I “barattieri” giacciono immersi nella pece bollente che li ricopre totalmente, sorvegliati dai Malebranche. Essi sono demoni alati, armati di bastoni uncinati coi quali afferrano e straziano ogni dannato che tenti di emergere in superficie.
Fonti d’ispirazione
Pare che il Vate si sia ispirato all’architettura difensiva pisana presente nel quartiere Castello a Cagliari quando, nell’Inferno, parla di un luogo chiamato Malebolge. Si tratta dell’VIII cerchio, i cui dieci fossati sono cerchiati da mura simili a fortificazioni di un castello.
Come vede Dante i Sardi
Di estremo interesse, la visione che Dante dà della Sardegna e della sua popolazione, quando di essa ne coglie i particolari che in qualche modo la unisce.
Dante colse e mise in evidenza una caratteristica dei Sardi, certamente rilevata fra i familiari isolani delle famiglie Visconti e Malaspina, e viva anche ai giorni nostri: quella che i Sardi per loro natura sono poco loquaci, ma, quando alcuni di essi si incontrano fuori dell’Isola, la loro nostalgia è tale che s’intrattengono, anche senza conoscersi, sulle cose della loro terra.
Argomento inesauribile, per il quale il loro parlare diventa sciolto e le lingue lor non si sentono stanche.
Dante non considera i Sardi propriamente italiani
Parrebbe che il vecchio Dante non fosse proprio convinto sul fatto che la Sardegna fosse una terra propriamente italiana.
Non lo era geograficamente, di sicuro, e non lo era linguisticamente (nonostante i legami con Pisa di quel periodo storico).
Famoso il passo del De vulgari eloquentia il trattato in latino con cui Dante voleva dimostrare la dignità della lingua volgare.
In questo caso, il poeta fiorentino prese un abbaglio: scambiò la tradizionale lingua sarda per una greve imitazione della nobile lingua latina.
Una considerazione abbondantemente sconfessata da generazioni di linguisti.
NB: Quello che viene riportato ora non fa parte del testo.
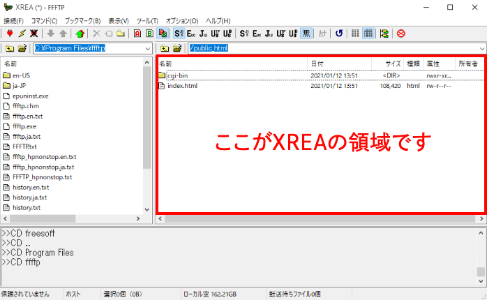右側がXREAサーバーの領域となります。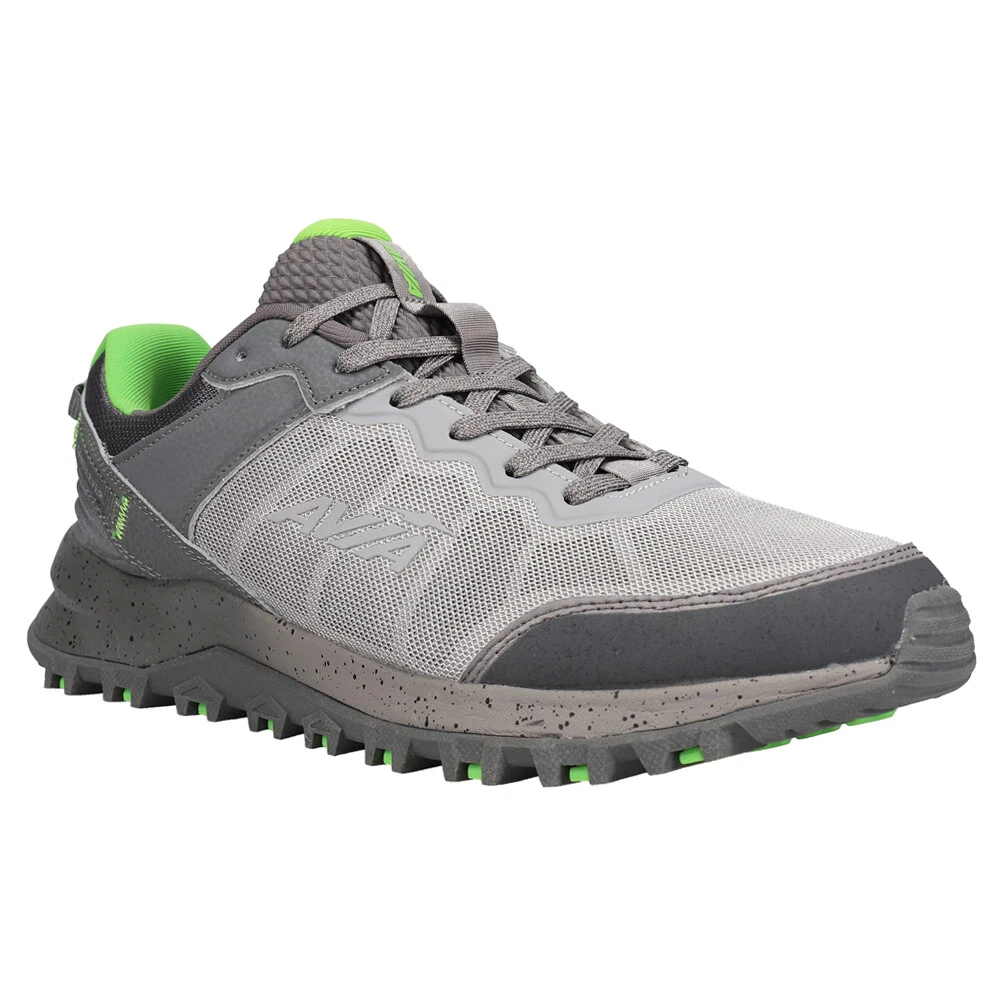 Avi-Ultra Trail Running Shoes Product Details Breathable Mesh upper with Synthetic overlay Lace up closure Ethylene-vinyl acetate midsole Lugged rubber soleplate provides extra traction The Avi-Ultra is a perfect option for light trail running or exploring the outdoors. The synthetic and mesh upper will give you support and breathability. The full length Ethylene-vinyl acetate midsole will provide cushioning while the lugged rubber soleplate provides extra traction. Additional Details Color: Grey Occasion: Casual Gender: Mens Age: Adult Brand: Avia

In quanto il sardo, nelle varianti barbaricina e logudorese, è considerato a pieno titolo una lingua romanza, per giunta quella con il minor grado di evoluzione dal latino.
Certo, da quanto emerge dai molteplici riferimenti, Dante non ha avuto gentili parole nei confronti della Sardegna. Come quando afferma che i Sardi appaiono gli unici a non disporre di un proprio volgare, limitandosi ad imitare la grammatica italiana (allora in latino) come le scimmie imitano gli umani.
Ma da uno che inveiva persino contro la sua Firenze, o contro Pisa augurandosi che venisse inondata, o contro i genovesi, che venissero cancellati dalla faccia della terra, e così via, non ci si sarebbe potuto aspettare la benevolenza.
In ogni caso, le considerazioni dantesche rappresentano un’ulteriore testimonianza di come le vicende della Sardegna tardomedievale non fossero per nulla scollegate dal contemporaneo contesto italiano. E l’interesse per l’isola fosse, forse, motivo di una sua conoscenza diretta per averla vissuta in prima persona.
Non ci resta pertanto d’immaginarlo allora ad osservare il mare dalle nostre coste, respirare il nostro maestrale assaporare la nostra cucina, sperando che questo sia stato fonte d’ispirazione per le sue opere.